What I have is a table with parts listed vertically and dates
horizontally.
Each part can be in 1 of 6 different states on any given day. What I'm
trying to do is to set up a sheet whereby if you put, for example, A in a
cell the backgound is red, B is blue, C is green, D is yellow and so on.
... actually, as I've been typing this, I've worked out that this could
be
done using your proposal by having a data entry sheet and a separate
sheet
for display and nested IFs, but is there a way of doing this without the
intermediate sheet?
You don't need any IFs if you just name your styles properly, but I
understand what you mean. Unfortunately I didn't find a solution to
this problem when I experimented with this a few years ago, but if I
recall correctly I filed a feature request about this, I think.
If you are familiar with OpenOffice.org Basic programming you could
write a macro that solves your problem. Since you only need six
different states you could write a macro that does the following:
— Open a dialogue box with six radio buttons marked A, B, C, D, E and F.
— When you selected one of them by either click it or hit a key on
your keyboard, for example A, and you then hit Enter or click OK, the
letter will automatically be filled in the currently selected cell and
the background colour will automatically be adjusted.
— You could associate the macro with a keyboard combination, such as
Ctrl+Alt+a.
Another suggestion is to write six macros, one for each state. One
fills in an A and the right colour for A, one does the same for B. No
dialogue bos is then required and you associate the macros to six
different keyboard combinations. I found that these six combinations
are not taken, at least not on my system:
Alt+a
Alt+b
Alt+c
Alt+d
Alt+e
Alt+f
Also, these combinations are not taken:
Ctrl+Alt+a
Ctrl+Alt+b
Ctrl+Alt+c
Ctrl+Alt+d
Ctrl+Alt+e
Ctrl+Alt+f
Isn't that very convenient…?
Here are the macros required, I have tested them. They also require
that you create six styles named A, B, C and so on.
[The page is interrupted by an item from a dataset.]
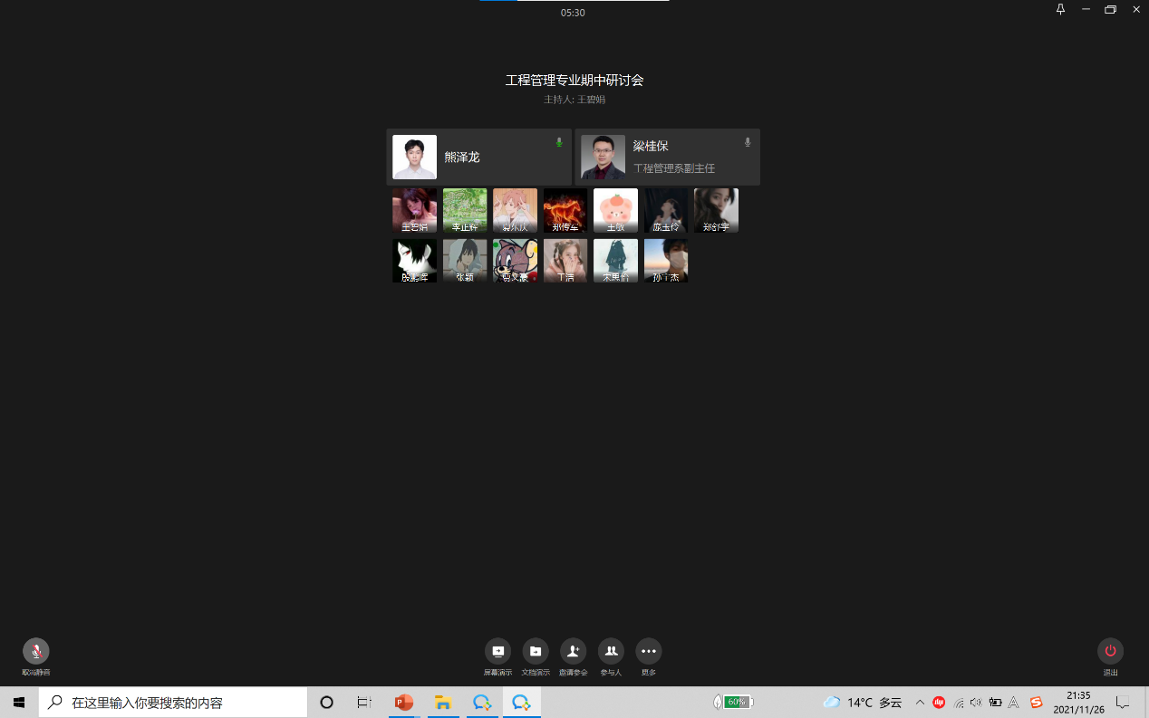 为了充分了解工程管理系教师的教学实际情况并掌握工程管理专业员工的学习及生活状态,2021年11月26日21:30工程管理系以线上方式举办了工程管理专业期中教学交流会。参加本次会议的有工程管理系副主任梁桂保老师、郑传军老师,以及工程管理专业2018级、2019级、2020级和2021级员工代表共15人。

That makes it more
flexible, so you can change colours of backgrounds, characters etc,
without having to change the code.
REM ***** BASIC *****
Option Explicit
Sub A
setCellProperties("A")
End Sub
Sub B
setCellProperties("B")
End Sub
Sub C
setCellProperties("C")
End Sub
Sub D
setCellProperties("D")
End Sub
Sub E
setCellProperties("E")
End Sub
Sub F
setCellProperties("F")
End Sub
Sub setCellProperties(State As String)
Dim oCell As Object
oCell=ThisComponent.getCurrentController().getSelection()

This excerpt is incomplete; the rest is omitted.